What you hand back must match the records word for word, with no pictures.

*** Begin section ***

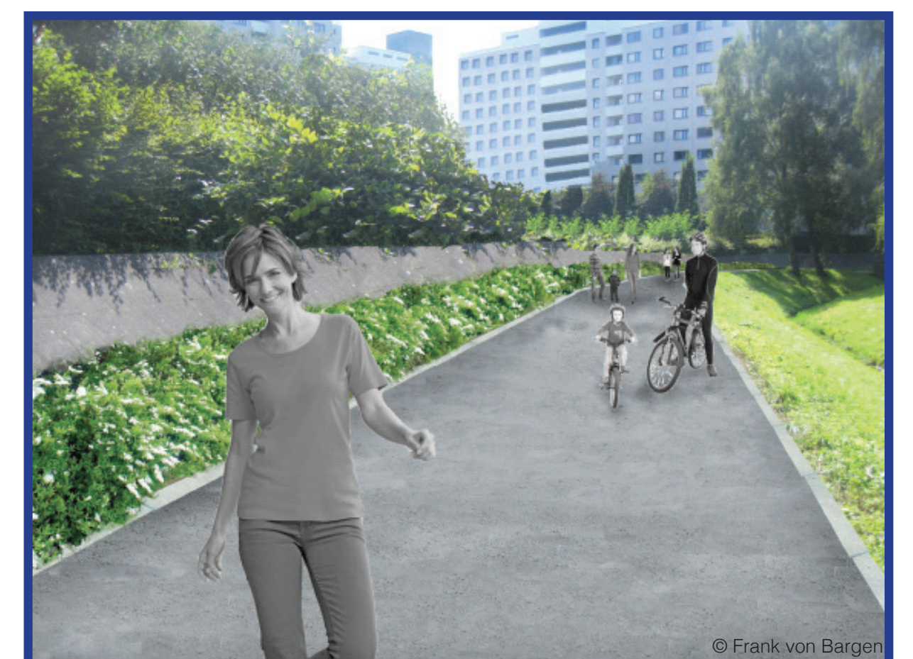
Planungsskizze, Zustand nach dem Umbau
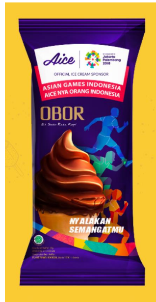
Gambar 2.19. Es Krim Aice Obor
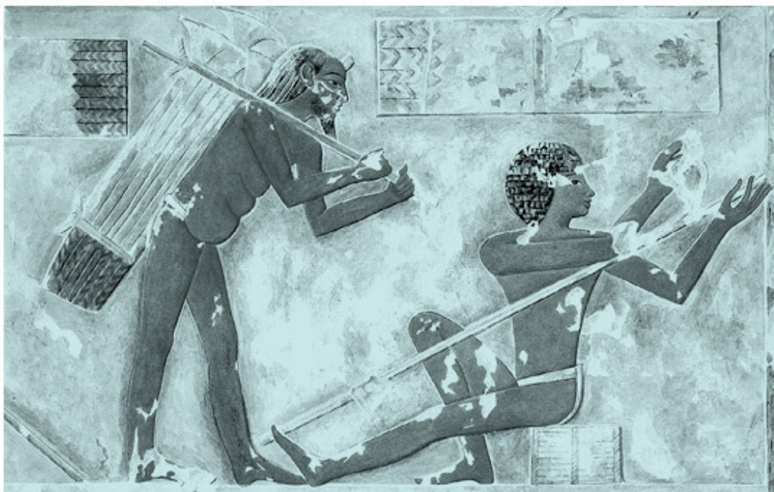
Обработка папируса. Изображение из гробницы Пуимре в Фивах. XV в. до н. э.

Папирус Ани можно разделить на две части. Первая содержит необычные версии двух гимнов Ра и Осирису, виньетку с изображением восхода солнца (глава XVIa) и сцену загробного суда с сопровождающими надписями, некоторые из которых нигде больше не встречаются. Ко второй части относятся 62 главы фиванской версии «Книги мертвых» в следующем порядке: I, XXII, LXXII, рубрика, XVII, CXLVII, CXLVI, XVIII, XXIII, XXIV, XXVI, XXXb, LXI, LIV, XXIX, XXVII, LVIII, LIX, XLIV, XLV, XLVI, L, XCIII, XLIII, LXXXIX, XCI, XCII, LXXIV, VIII, II, IX, CXXXII, X, [XLVIII], XV, CXXXIII, CXXXIV, XVIII, CXXIV, LXXXVI, LXXVII, LXXVIII, LXXXVII, LXXXVIII, LXXXII, LXXXV, LXXXIII, LXXXIV, LXXXIa, LXXX, CLXXV, CXXV, Введение и Отрицательная исповедь, XLII, CXXV, Приложение, CLV, CLVI, XXIXb, CLXVI, CLI, VI, CXLVIII, CLXXXV, CLXXXVI. Названия этих глав в нумерации Р. Лепсиуса звучат следующим образом:
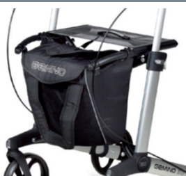
// 7104006 (1) & 7104007 Bolsa Advance com tampa e pegas preta

*** End section ***

* **Task solution**:
Planungsskizze, Zustand nach dem Umbau
Gambar 2.19. Es Krim Aice Obor
Обработка папируса. Изображение из гробницы Пуимре в Фивах. XV в. до н. э.

Папирус Ани можно разделить на две части. Первая содержит необычные версии двух гимнов Ра и Осирису, виньетку с изображением восхода солнца (глава XVIa) и сцену загробного суда с сопровождающими надписями, некоторые из которых нигде больше не встречаются. Ко второй части относятся 62 главы фиванской версии «Книги мертвых» в следующем порядке: I, XXII, LXXII, рубрика, XVII, CXLVII, CXLVI, XVIII, XXIII, XXIV, XXVI, XXXb, LXI, LIV, XXIX, XXVII, LVIII, LIX, XLIV, XLV, XLVI, L, XCIII, XLIII, LXXXIX, XCI, XCII, LXXIV, VIII, II, IX, CXXXII, X, [XLVIII], XV, CXXXIII, CXXXIV, XVIII, CXXIV, LXXXVI, LXXVII, LXXVIII, LXXXVII, LXXXVIII, LXXXII, LXXXV, LXXXIII, LXXXIV, LXXXIa, LXXX, CLXXV, CXXV, Введение и Отрицательная исповедь, XLII, CXXV, Приложение, CLV, CLVI, XXIXb, CLXVI, CLI, VI, CXLVIII, CLXXXV, CLXXXVI. Названия этих глав в нумерации Р. Лепсиуса звучат следующим образом:
// 7104006 (1) & 7104007 Bolsa Advance com tampa e pegas preta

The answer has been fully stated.